Member of Parliament, Rajya Sabha
- In office 16 February 2006 – 15 February 2012

= Shyam Benegal =

Indian director and screenwriter (1934–2024)

Shyam Benegal (14 December 1934 – 23 December 2024) was an Indian film director, screenwriter and documentary filmmaker. Often regarded as a pioneer of parallel cinema, he is considered as one of the greatest filmmakers post 1970s. He has received several accolades, including eighteen National Film Awards, a Filmfare Award and a Nandi Award. In 2005, he was honoured with the Dadasaheb Phalke Award, India's highest award in the field of cinema.
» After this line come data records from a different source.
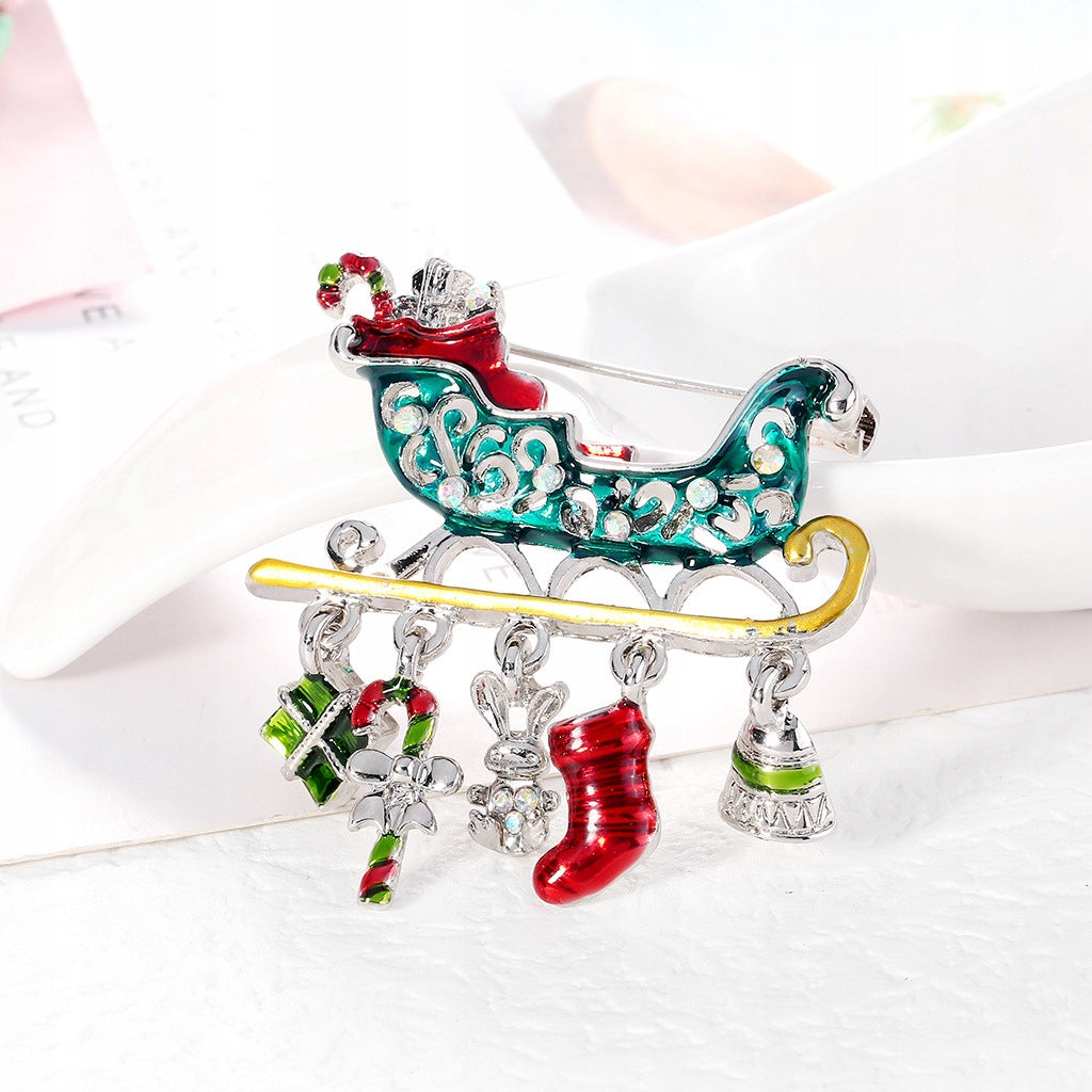 Sania lui Moș Crăciun cu cadouri - broșă de Crăciun
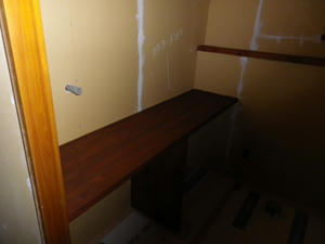 はみ出していた冷蔵庫の場所は食品庫という話もあったけど、そんなに入れる物もないので、電話を置く台やピアノが近くになるので本棚に変身した。
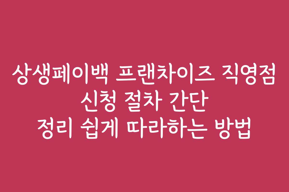 상생페이백 프랜차이즈 직영점 신청 절차 간단 정리 쉽게 따라하는 방법
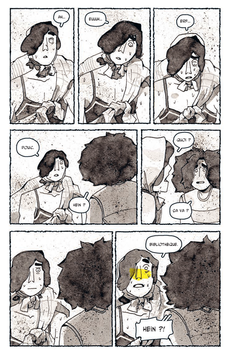 Le silence se réinstalle après, pour ne réapparaître qu’avec l’apparition du second protagoniste : Pouic. C’est d’ailleurs le premier mot qui s’échappe de l’inconnu qui fait soudainement face à Vlada. L’autrice insinue subtilement l’importance de la parole, de l’échange, grâce à la relation naissante entre Vlada et Pouic. Cette dernière met notamment quelques bulles à récupérer les rudiments du langage.
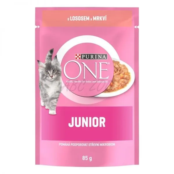 PURINA ONE JUNIOR mini filete cu somon și morcovi în suc 85 g
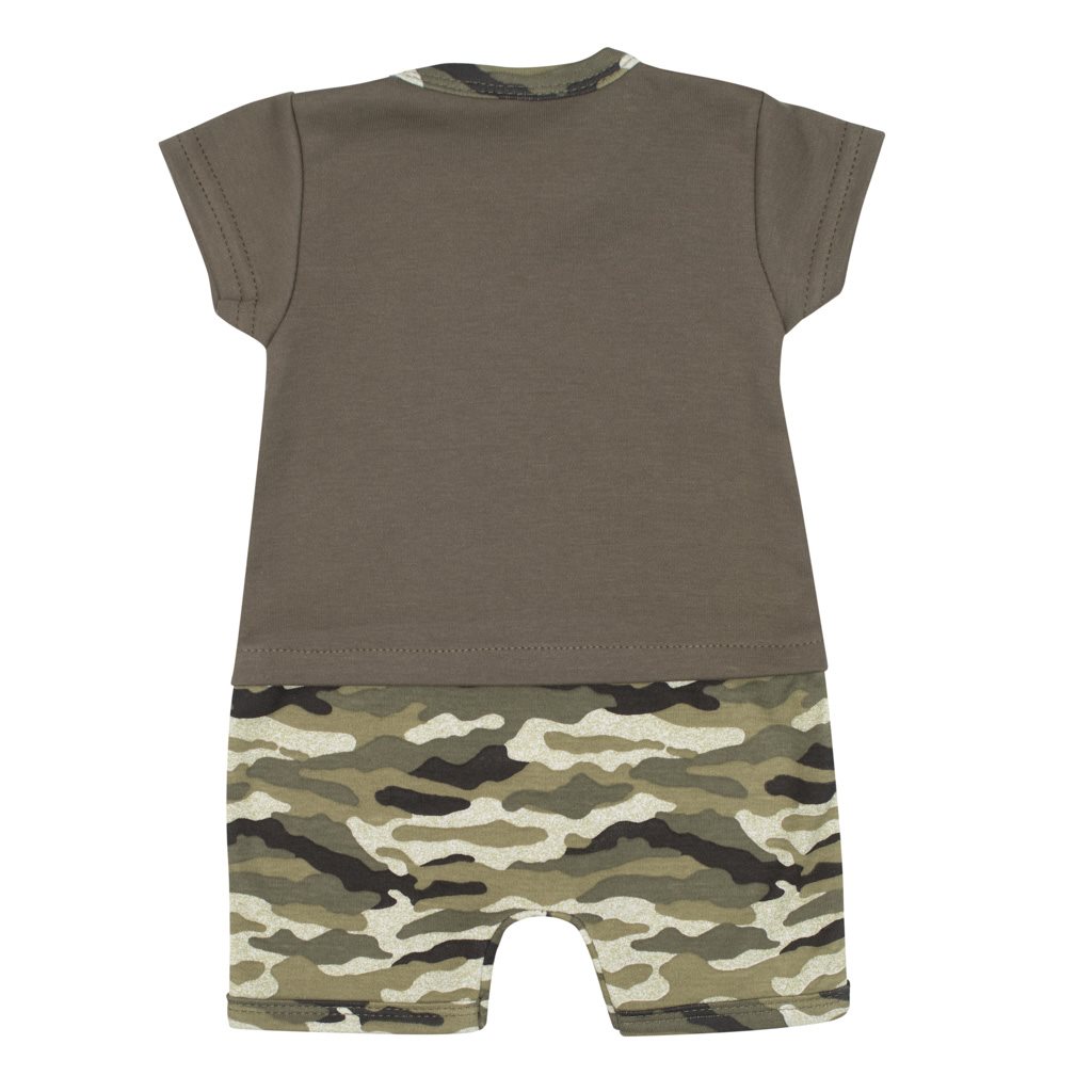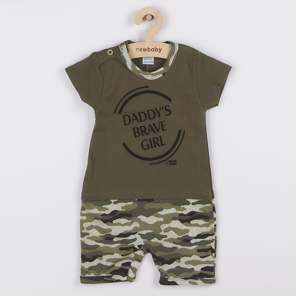 Overol de verano de algodón con mangas cortas de la marca checa New Baby Army. Este overol para niña está decorado con un estampado de camuflaje y la frase DADDY'S BRAVE GIRL. Cuenta con un práctico cierre de presión en los hombros y entre las piernas, lo que facilita el vestir y cambiar al bebé. Este travieso overol de verano hará brillar a todos los niños. El estilo militar ha vuelto a estar de moda y es impresionante. Enfatizamos la calidad, por lo que gracias a su material agradable, suave y de alta calidad, su bebé se sentirá muy cómodo. Composición: 100% algodón.
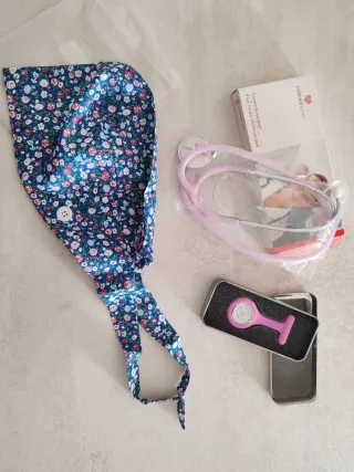 Materiale per personale medico nuovo cuffietta fantasia floreale. Il tessuto è blu con fiori rossi, bianchi e azzurri dotata di elastico. Fonendoscopio colore lilla Orologio da taschino divisa colore rosa
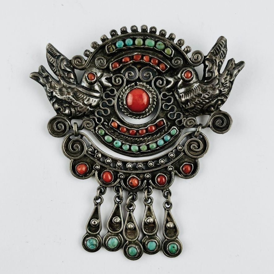Prendedor en plata calada y cincelada «aves» decorado con corales y turquesas. 80 x 65 mm.
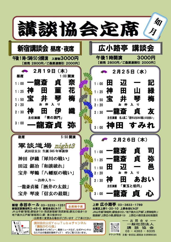 【2月新宿講談会 昼席/夜席・広小路亭講談会】
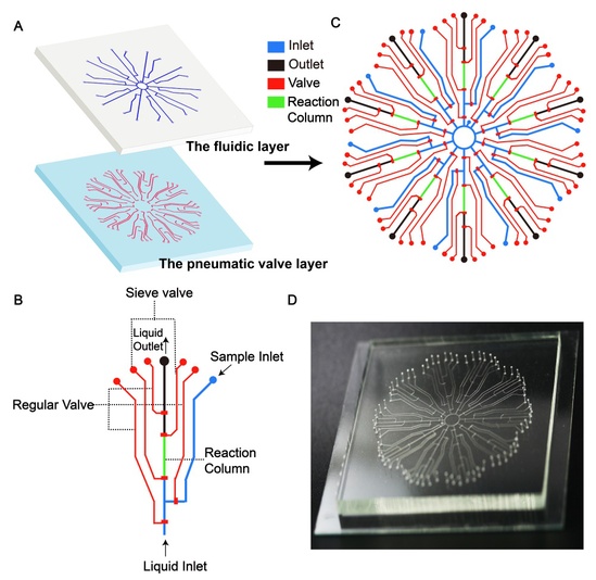 下图为研发的基于微流控技术的免疫检测芯片,该芯片包括管道层和阀门层,可以通过对阀门的控制实现检测过程的自动化操作,并且该芯片包含10个检测单元,可以对多个样品同时检测。该免疫检测芯片的研发,为牛奶中抗生素检测提供了一种灵敏、快速、简便的检测方法。
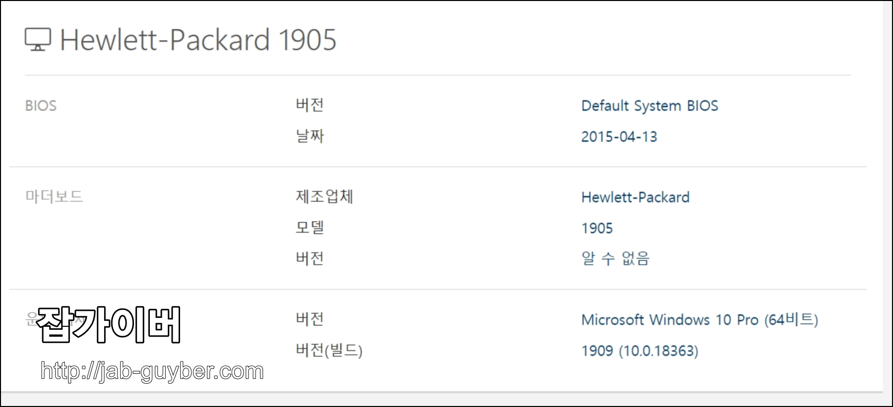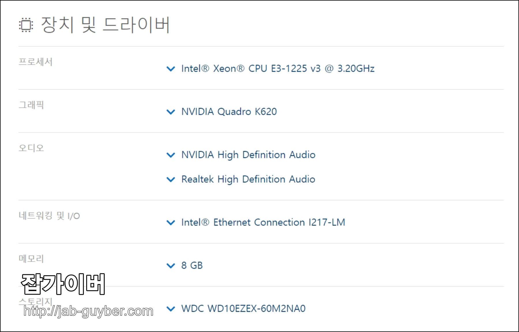그럼 현재 장착된 컴퓨터의 부품에 대한 모델명 및 설치된 버전을 확인할 수 있습니다.

In 1976, he was honoured by the Government of India with the Padma Shri, the fourth-highest civilian honour of the country, and in 1991, he was awarded the Padma Bhushan, the third-highest civilian honour for his contributions in the field of arts. He died on 23 December 2024, aged 90, at Wockhardt Hospital in Mumbai, where he was receiving treatment for chronic kidney disease.

Benegal was born in Hyderabad to Sridhar B. Benegal, who was prominent in the field of photography. Starting his career as a copywriter, he made his first Documentary film in Gujarati, Gher Betha Ganga (Ganges at the Doorstep) in 1962. Benegal's first four feature films – Ankur (1973), Nishant (1975), Manthan (1976) and Bhumika (1977) – made him a pioneer of the new wave film movement of that period. Benegal's "Muslim Women Trilogy" films Mammo (1994), Sardari Begum (1996), and Zubeidaa (2001) all won National Film Awards for Best Feature Film in Hindi. Benegal has won the National Film Award for Best Feature Film in Hindi seven times. He was awarded the V. Shantaram Lifetime Achievement Award in 2018.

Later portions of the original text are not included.